Worldwide, the prevalence of diabetes and prediabetes has increased dramatically over the past two decades on a parallel track with the global increase in obesity. More than 285 million people around the globe have diabetes. Without intervention that figure is expected to climb to 438 million people within 20 years.

Type 2 Diabetes

According to some estimates, the UAE’s type 2 diabetes rate is among the top five countries in the world. In the UAE, about 13 per cent of the population between 20 and 79 years of age has diabetes – more than double the global average of 6.4 per cent.

Being overweight or obese is one of the primary risk factors for type 2 diabetes. According to the World Health Organization, about 73 per cent of adult women and 66 per cent of men in the UAE weigh more than recommended by physicians, placing the country in the top five worldwide in terms of what clinicians consider “obesity.”

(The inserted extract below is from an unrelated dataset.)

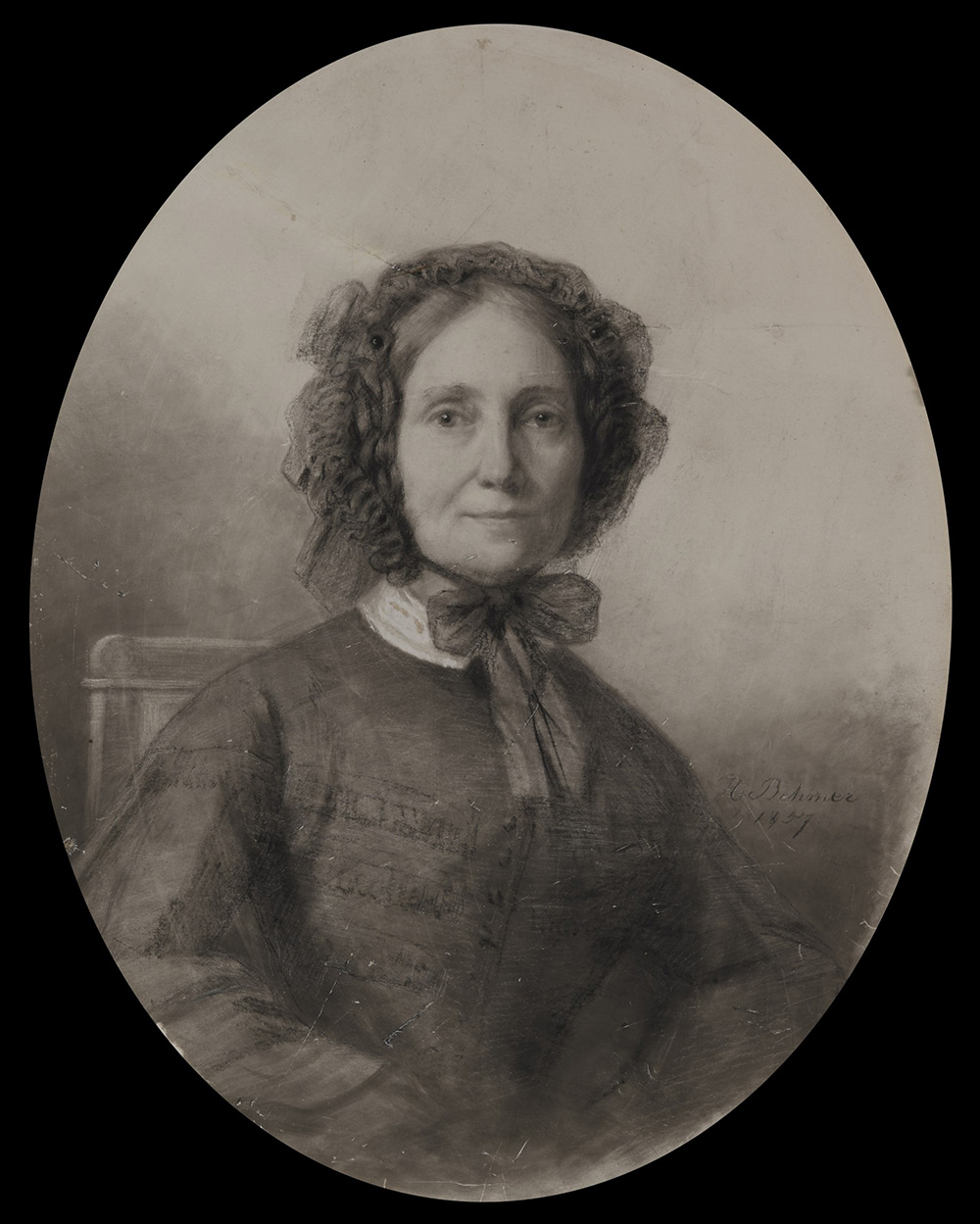 "Portrait of an Elderly Woman with Dark Dress and Toque" pencil on oval paper. Signed and dated 1857 to right (cm 29x19) Framed (defects)
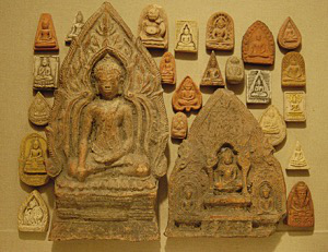 在泰國最北邊的城市清萊的一座古寺里,年長的僧人告訴我,在泰國,帕肯(“泰國擦擦”,泰語為“Phra-Kruang”,這個名詞在標(biāo)準(zhǔn)的泰文詞典里的解釋是:用于避兇消災(zāi)的小型佛像,作用相當(dāng)于護(hù)身符、祈愿物、供奉物。泰國的Phra-Kruang至今沒有一個公認(rèn)的中文名稱,既然“擦擦”是譯音,我便挑了兩個最接近泰語Phra-Kruang發(fā)音的字給它:帕肯)的使用方式是這樣的:最早是在修建寺廟的時候放入佛塔內(nèi),因為古帕肯的內(nèi)容全是佛像,經(jīng)過高僧們開光后放入塔內(nèi)有增加靈氣的作用。百姓通常是到寺廟請回自己需要的帕肯回家供奉,或者作為還愿,出資請寺廟制作一定數(shù)量的帕肯,供奉在寺廟、家中或者贈送親友。

“The epidemic of type 2 diabetes and its warning sign, prediabetes, are sweeping across the globe imposing severe health consequences and straining the financial resources of health care systems everywhere,” said Mr. Stevens. “As an innovative and technologically advanced country, the UAE is well positioned to make diabetes prevention a top priority and serve as an example to other countries in the region, and around the world.”

Controlling diabetes

- Screening and Diagnosis: There is an opportunity to reduce the number of people who would develop prediabetes or diabetes by offering straightforward screening tests to people with known risk factors (overweight, inactivity, hypertension, abnormal blood lipid levels, cardiovascular disease, family history and belonging to a high-risk ethnic population). This is an important first step toward health, building on the important initiatives now taking place in some emirates.

- Intervention and Prevention: Enabling and encouraging people to make better lifestyle decisions about diet and exercise directly address the principal risk factors of obesity and inactivity. Intervention studies of people with prediabetes in China, Finland, India, Sweden and the United States have uniformly shown reductions in the progression to type 2 diabetes.

- Disease Management and Control: People with type 2 diabetes who actively manage their condition can more readily avoid the devastating complications related to the disease. This entails careful monitoring of blood sugar levels, taking any prescribed medications as instructed, maintaining weight loss, and increasing the use of self-care measures such as daily foot inspection, and regular eye and dental examinations.

The best hope of turning the tide on the evolving diabetes crisis in the UAE is by establishing community-based initiatives in collaboration with government public health agencies, nonprofit organizations and the private sector that can help to build public awareness about diabetes and its risk factors and modernize health care systems’ ability to use sophisticated data analytics, new technology, and innovative care models that engage consumers in new ways.